Asegura que “Bogotá también genera expulsión de jóvenes a la calle y ahora se agrega el tema de los migrantes. Tenemos 25 instituciones y en ellas contamos con modalidades de internado para niños, adolescentes y jóvenes habitantes de la calle y contamos con la modalidad de externados que son, por lo regular, jóvenes que son expulsados del modelo tradicional de educación”.
“Contamos con talleres con diferentes modelos de aprendizaje: carpintería, mecánica de motos, mecánica automotriz, arreglo de computadores, modistería, arreglo de bicicletas y metalmecánica, entre otros. Los jóvenes que están con nosotros pueden ingresar al Sena y en estos momentos estamos 'encarretándolos' para que puedan acceder al sistema de formación universitaria”.
Insiste en que “tenemos un programa muy amplio y muy grande con los muchachos que están en el mundo de la legalidad y de la ilegalidad, que a veces son reclutados por organizaciones criminales o por grupos armados y buscamos arrancarlos de esas garras a través de la prevención y brindarles oportunidades de vida”.
Precisa que “también muchos de los niños, niñas y adolescentes en condición de calle caen en las garras de la explotación sexual y comercial”.
Revela que “hoy tenemos un tema muy complejo, que es el de los carreteros que trabajan como recicladores, pero que convirtieron esa carreta en una especie de apartamento donde duermen con su señora e hijos. Es decir, con este fenómeno estamos volviendo a tener presencia de niños en la calle, pero con sus padres”.

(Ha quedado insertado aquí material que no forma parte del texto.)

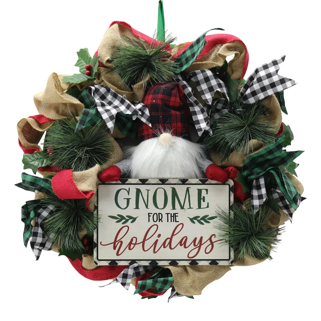 This gnome sign wreath is perfect for showing off in your living area. Place it on your wall, window, or mantel to lend your home a festive touch.
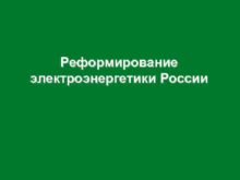 Реформирование электроэнергетики России Электроэнергетика в современной экономике
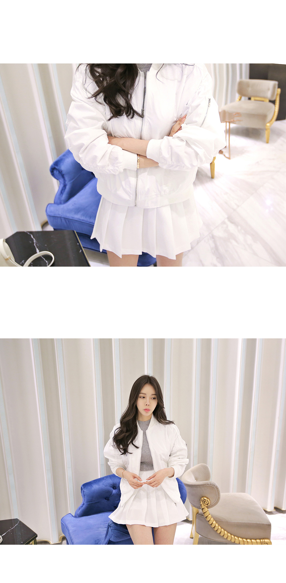 미니멀한 기장감으로 다리라인을 길고 롱하게 보여주어요.
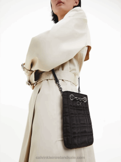 F64Z2656 Black Women Calvin Klein Recycled Velvet Phone Bag
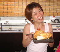 お米を食べない先生の為にマスターがパンとエビフライをプレゼントして下さいました!(ケーキの代わり?)
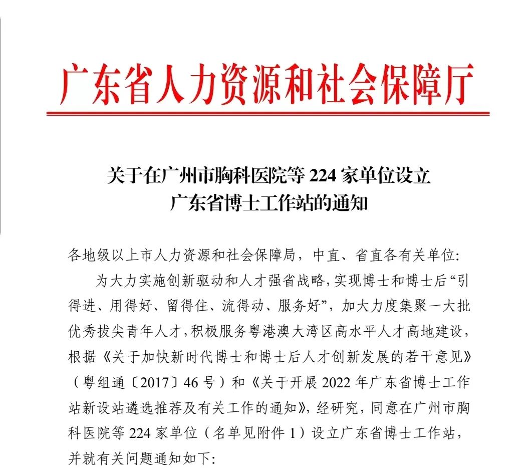 近日,广东省人力资源和社会保障厅发布《关于在广州市胸科医院等224家单位设立广东省博士工作站的通知》,我校成功获批设立广东省博士工作站。
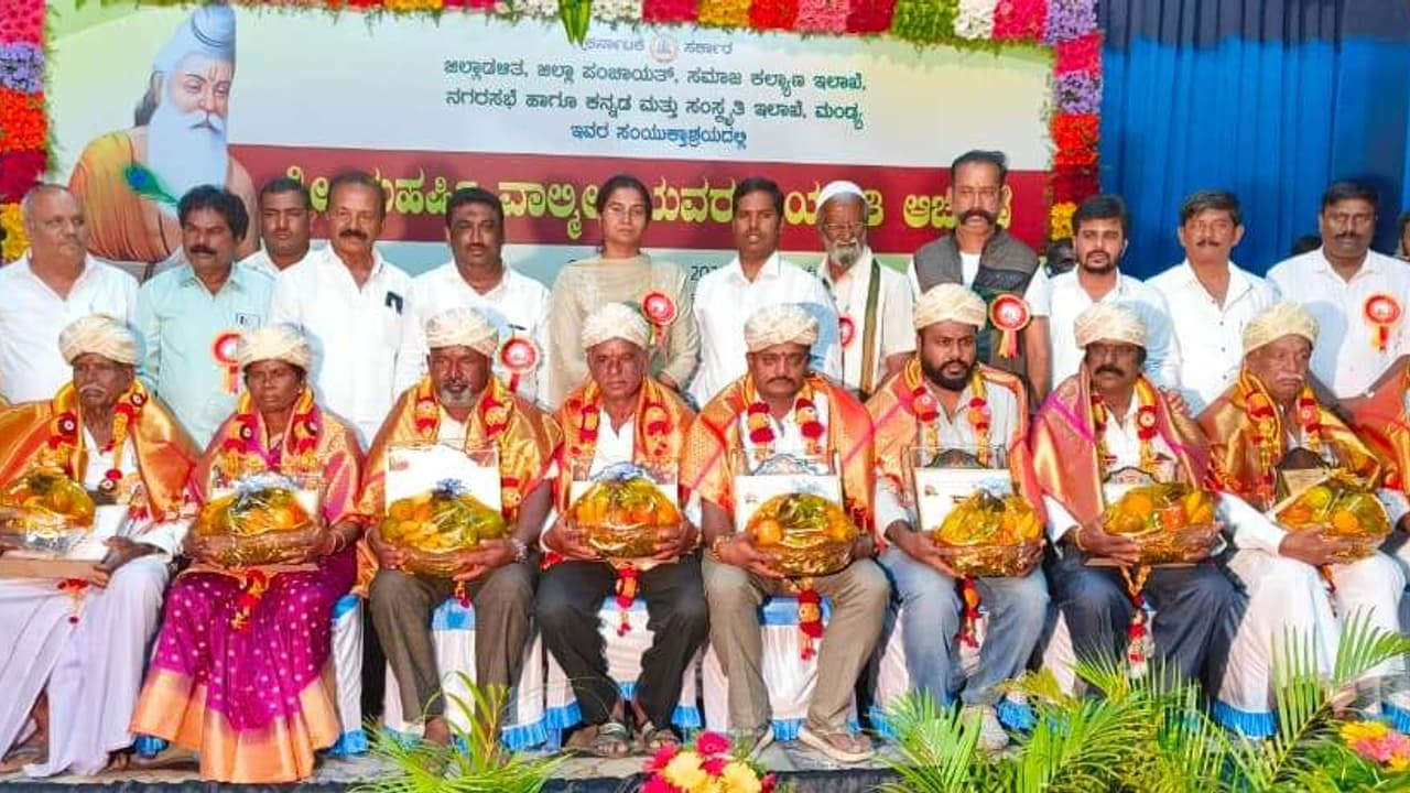 ಇದೇ ವೇಳೆ ಎಸ್ಸೆಸ್ಸೆಲ್ಸಿ ಪರೀಕ್ಷೆಯಲ್ಲಿ ಉತ್ತಮ ಅಂಕ ಗಳಿಸಿದ ವಿದ್ಯಾರ್ಥಿಗಳು, ವಿವಿಧ ಕ್ಷೇತ್ರಗಳಲ್ಲಿ ದುಡಿದ ಸಾಧಕರನ್ನು ಮತ್ತು ಅಥಿತಿ ಗಣ್ಯರನ್ನು ಸನ್ಮಾನಿಸಿ ಗೌರವಿಸಲಾಯಿತು. ಇದೇ ವೇಳೆ ನಗರಸಭೆ ಅಧ್ಯಕ್ಷ ಎಂ.ವಿ.ಪ್ರಕಾಶ್, ಉಪ ವಿಭಾಗಾಧಿಕಾರಿ ಶಿವಮೂರ್ತಿ, ಸಮಾಜ ಕಲ್ಯಾಣ ಇಲಾಖೆ ಉಪ ನಿರ್ದೇಶಕ ಕೆ.ಶ್ರೀನಿವಾಸ್, ನಗರಸಭೆ ಸದಸ್ಯರಾದ ಶ್ರೀಧರ್, ಹರೀಶ್, ಶಿವಲಿಂಗು, ಡಿ. ದೇವರಾಜು ಅರಸ್ ಹಿಂದುಳಿದ ವರ್ಗಗಳ ವೇದಿಕೆ ಅಧ್ಯಕ್ಷ ಸಂದೇಶ್, ಸಮುದಾಯ ಮುಖಂಡರಾದ ಚಂದ್ರನಾಯಕ್, ವೆಂಕಟೇಶ್ ನಾಯಕ್ ಹಲವರು ಇದ್ದರು.ಕಾರ್ಯಕ್ರಮಕ್ಕೂ ಮುನ್ನ ಜಿಲ್ಲಾಧಿಕಾರಿಗಳ ಕಚೇರಿ ಮುಂಭಾಗ ಶ್ರೀಮಹರ್ಷಿ ವಾಲ್ಮೀಕಿಯವರ ಪುತ್ತಳಿಗೆ ಪುಷ್ಪಾರ್ಚನೆ ಸಲ್ಲಿಸಿ, ಭವ್ಯ ರಥದೊಂದಿಗೆ ಡೊಳ್ಳು, ಕಂಸಾಳೆ, ಪೂಜೆ ಕುಣಿತ ಮತ್ತು ವೀರಗಾಸೆ ಮೂಲಕ ಕಲಾಮಂದಿರದವರೆಗೆ ಮೆರವಣಿಗೆ ಜರುಗಿತು. ಮೆರವಣಿಗೆಯಲ್ಲಿ ಜಿಪಂ ಸಿಇಒ ಕೆ.ಆರ್.ನಂದಿನಿ, ಜಿಲ್ಲಾ ಎಸ್ಪಿ ಮಲ್ಲಿಕಾರ್ಜುನ ಬಾಲದಂಡಿ, ಅಧಿಕಾರಿಗಳಾದ ಕೆ.ಶ್ರೀನಿವಾಸ್, ಕಾವ್ಯ ಸೇರಿದಂತೆ ವಿವಿಧ ಸಂಘ ಸಂಸ್ಥೆಗಳ ಪದಾಧಿಕಾರಿಗಳು, ಮುಖಂಡರು ಇದ್ದರು.7ಕೆಎಂಎನ್ ಡಿ20 ಮಂಡ್ಯ ಕಲಾಮಂದಿರದಲ್ಲಿ ನಡೆದ ಮಹರ್ಷಿ ವಾಲ್ಮೀಕಿ ಜಯಂತಿಯಲ್ಲಿ ವಿವಿಧ ಕ್ಷೇತ್ರಗಳಲ್ಲಿ ಸಾಧನೆ ಮಾಡಿದವರನ್ನು ಅಭಿನಂದಿಸಲಾಯಿತು.

Agrega Marín Cala que “creemos que en Bogotá se registra un universo de unos 40 a 50 mil jóvenes y adolescentes, entre hombres y mujeres, que están en condición de calle. Mientras tanto, nosotros seguimos trabajando para generar unas amistades, unas complicidades, y los invitamos para que agarren de forma voluntaria las oportunidades de vida que les brindamos a través de la educación”.